Azure Machine Learning Workspace
The workspace is the top-level centralized resource for your machine learning deployments. It holds all of the artifacts used to train and deploy your models.
It keeps a run configuration which is the set of instructions to execute your program in a compute target. It also stores standard run metrics as well as any arbitrary metrics you want to record during your training process.
The workspace provides the tools, components and triggers to develop, train, deploy and monitor a machine learning project. It also includes security, cost management and access control features.
Workspace also provides a unified model registry that stores snapshots and output from experiments, as well as logs. It encrypts these images with Microsoft-managed keys before storage. It also has a key vault that protects the managed identities used to communicate with other services.

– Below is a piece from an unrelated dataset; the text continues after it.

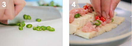 3.将拌匀后的肉末在豆腐上浇上豉油,隔水蒸8-9分钟后出锅

It also tracks the run history of models, allowing you to easily compare them. In addition, it has a feature that allows you to trace a deployed model back to the experiment, dataset, and algorithm it came from. This is useful if your customers ever question the accuracy of a prediction they received. You can show them that the model was trained on turtles, not rifles, for example. You can also track what changes were made to the model in a deployment. This gives you complete visibility into your model’s evolution.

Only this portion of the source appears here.